#### WHAT YOU ARE ASKED TO DO
Dropping every picture, set down exactly the lines in the entries below, starting with the line with "Конец мировой войны" and going on through the line with "Gobo. Бесконечное вращение".

#### DATA FOR REVIEW
Content starts

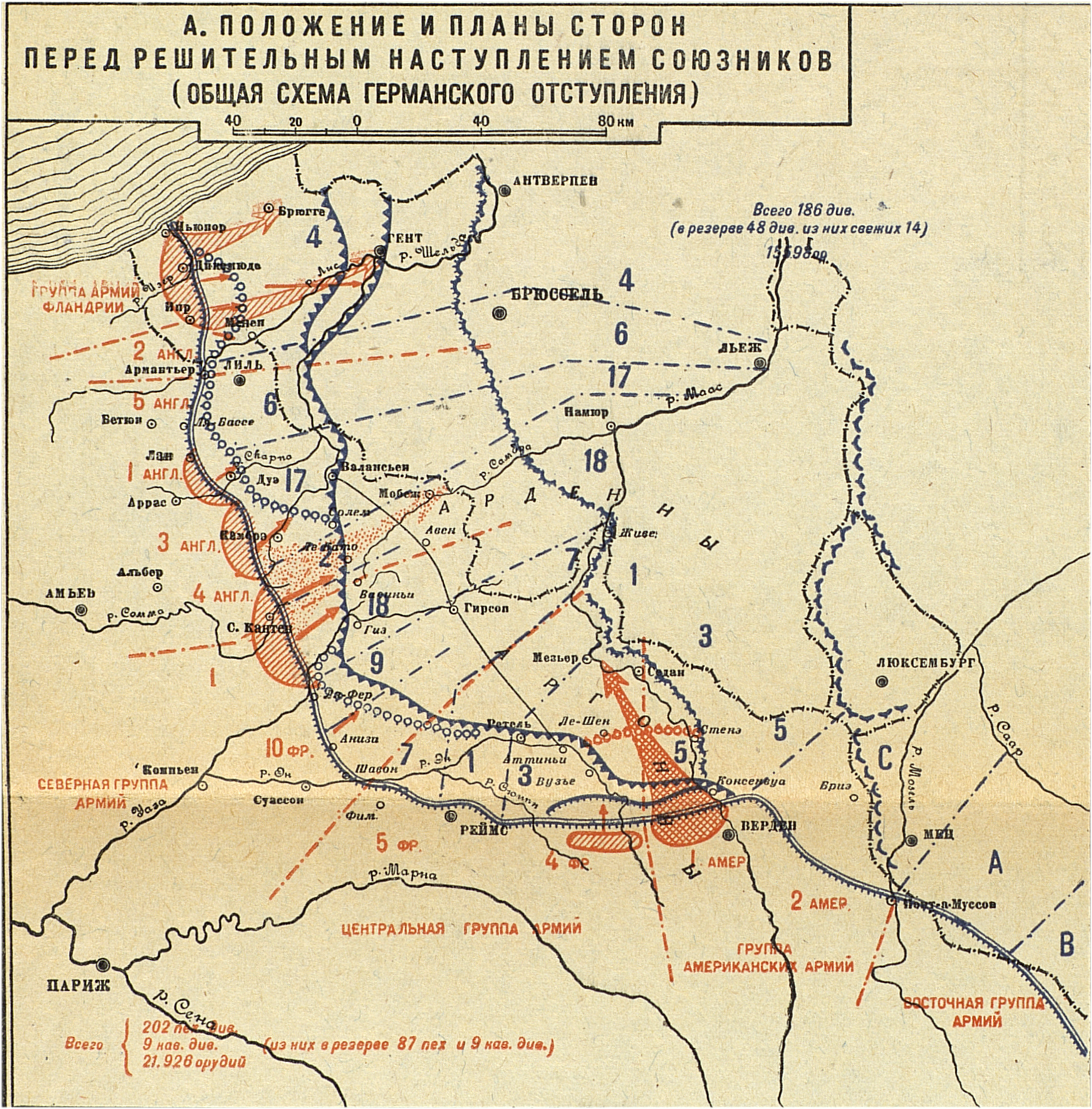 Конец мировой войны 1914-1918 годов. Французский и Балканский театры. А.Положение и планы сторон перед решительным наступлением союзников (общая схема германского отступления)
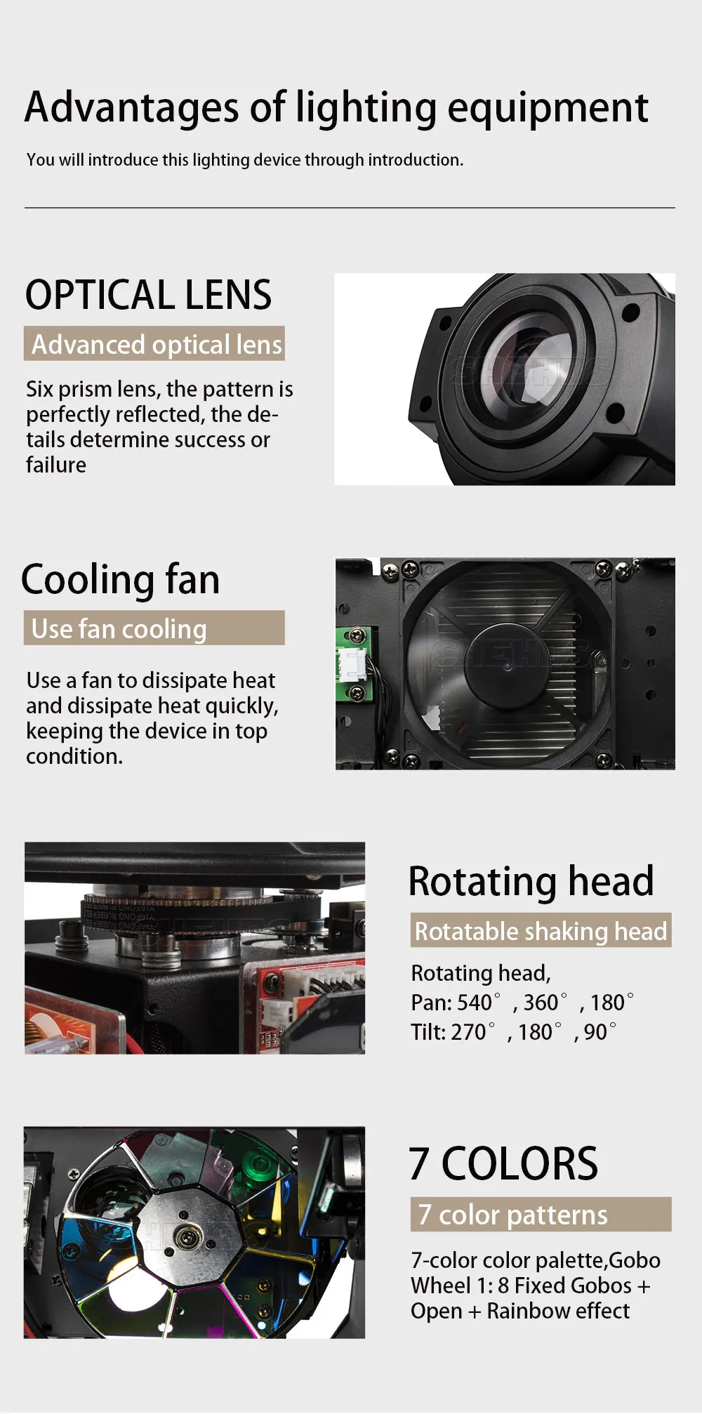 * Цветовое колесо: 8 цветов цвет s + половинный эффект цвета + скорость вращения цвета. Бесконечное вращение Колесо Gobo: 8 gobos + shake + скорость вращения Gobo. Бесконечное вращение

Content ends
Content starts

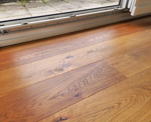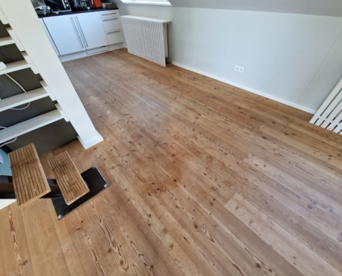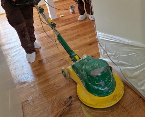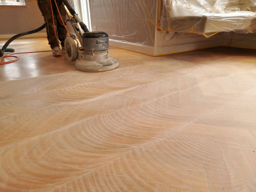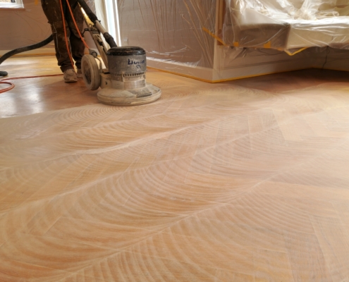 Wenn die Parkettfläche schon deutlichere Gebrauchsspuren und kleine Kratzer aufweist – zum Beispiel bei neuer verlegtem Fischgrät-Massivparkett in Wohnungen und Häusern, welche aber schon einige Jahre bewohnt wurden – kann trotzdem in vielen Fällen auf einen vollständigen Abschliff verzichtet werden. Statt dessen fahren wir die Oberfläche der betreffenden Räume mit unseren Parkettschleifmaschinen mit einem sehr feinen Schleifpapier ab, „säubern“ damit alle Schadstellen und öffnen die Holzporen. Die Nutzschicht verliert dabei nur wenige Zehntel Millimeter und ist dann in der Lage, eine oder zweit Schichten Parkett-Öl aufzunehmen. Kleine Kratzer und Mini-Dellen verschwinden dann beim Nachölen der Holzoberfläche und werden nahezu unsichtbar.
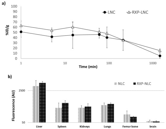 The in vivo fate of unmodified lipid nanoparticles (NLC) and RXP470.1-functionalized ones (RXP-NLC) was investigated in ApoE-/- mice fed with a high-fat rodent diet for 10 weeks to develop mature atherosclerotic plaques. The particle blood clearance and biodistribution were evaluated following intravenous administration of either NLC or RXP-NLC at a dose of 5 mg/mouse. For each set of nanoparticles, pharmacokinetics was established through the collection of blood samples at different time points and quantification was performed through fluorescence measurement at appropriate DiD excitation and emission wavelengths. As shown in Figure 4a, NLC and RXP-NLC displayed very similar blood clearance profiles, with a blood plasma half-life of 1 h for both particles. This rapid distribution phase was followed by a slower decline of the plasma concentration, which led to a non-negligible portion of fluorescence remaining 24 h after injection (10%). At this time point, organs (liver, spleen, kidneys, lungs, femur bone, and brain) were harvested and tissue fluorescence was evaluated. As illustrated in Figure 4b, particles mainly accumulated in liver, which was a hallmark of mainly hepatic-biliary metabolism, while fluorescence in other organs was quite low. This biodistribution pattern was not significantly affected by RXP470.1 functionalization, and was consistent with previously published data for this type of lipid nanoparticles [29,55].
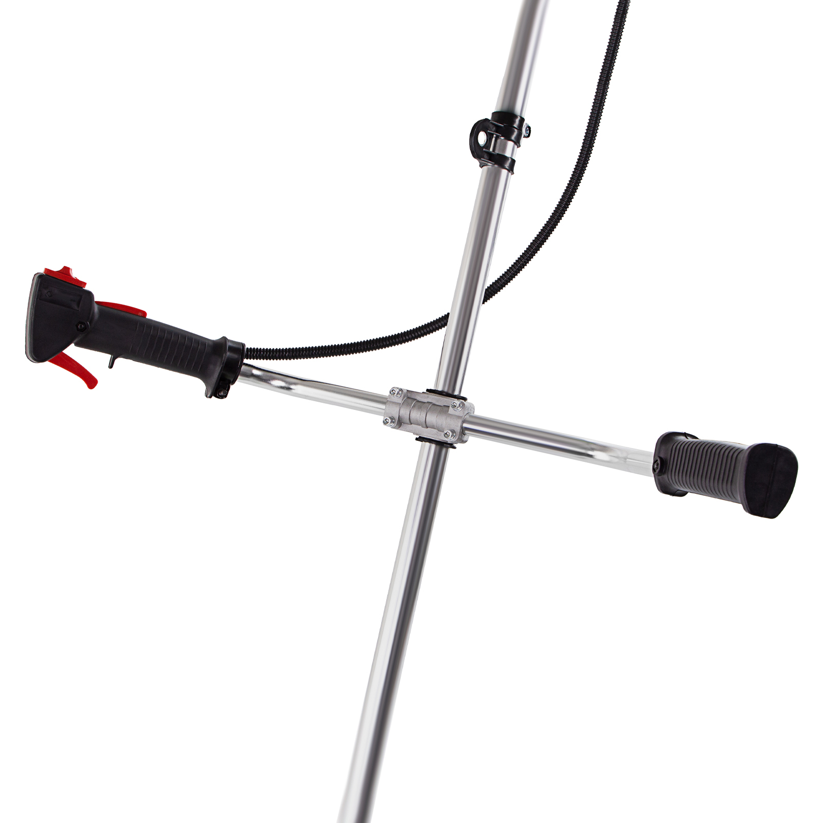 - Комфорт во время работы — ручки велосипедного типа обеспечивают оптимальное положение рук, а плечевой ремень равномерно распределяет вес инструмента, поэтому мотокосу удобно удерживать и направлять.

Content ends
Content starts

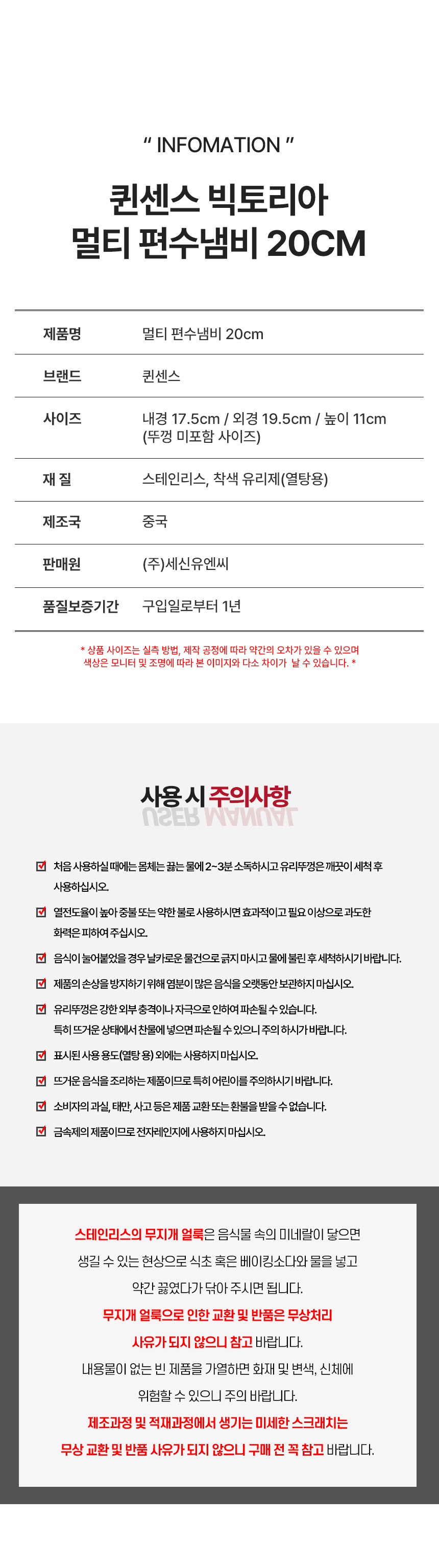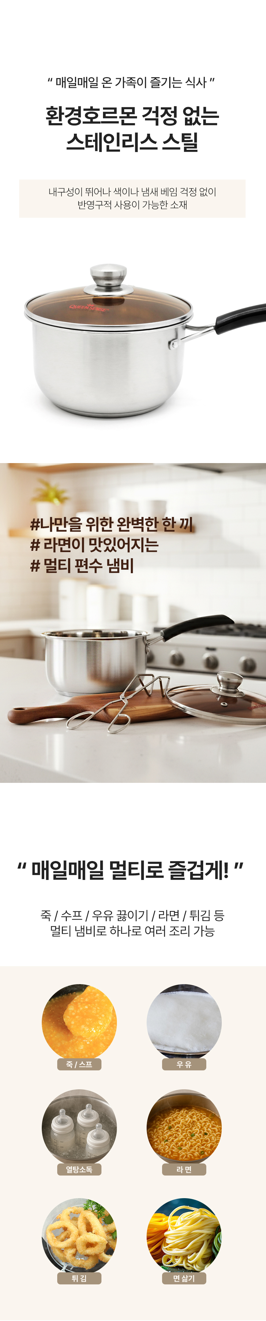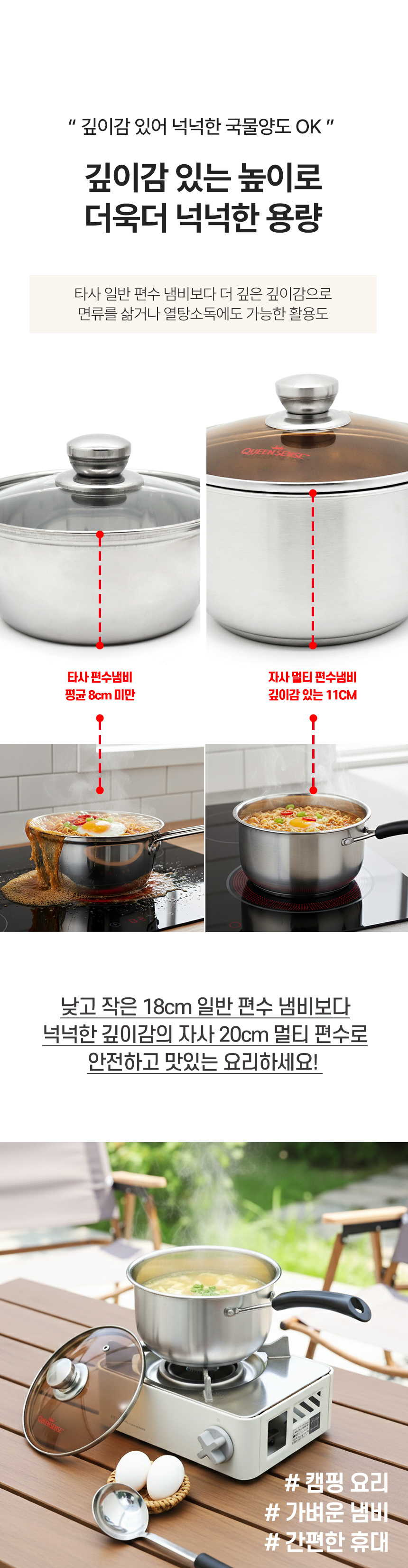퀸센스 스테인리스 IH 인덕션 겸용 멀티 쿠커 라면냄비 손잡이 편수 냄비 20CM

Content ends

#### WRITTEN SOLUTION
 Конец мировой войны 1914-1918 годов. Французский и Балканский театры. А.Положение и планы сторон перед решительным наступлением союзников (общая схема германского отступления)
 * Цветовое колесо: 8 цветов цвет s + половинный эффект цвета + скорость вращения цвета. Бесконечное вращение Колесо Gobo: 8 gobos + shake + скорость вращения Gobo. Бесконечное вращение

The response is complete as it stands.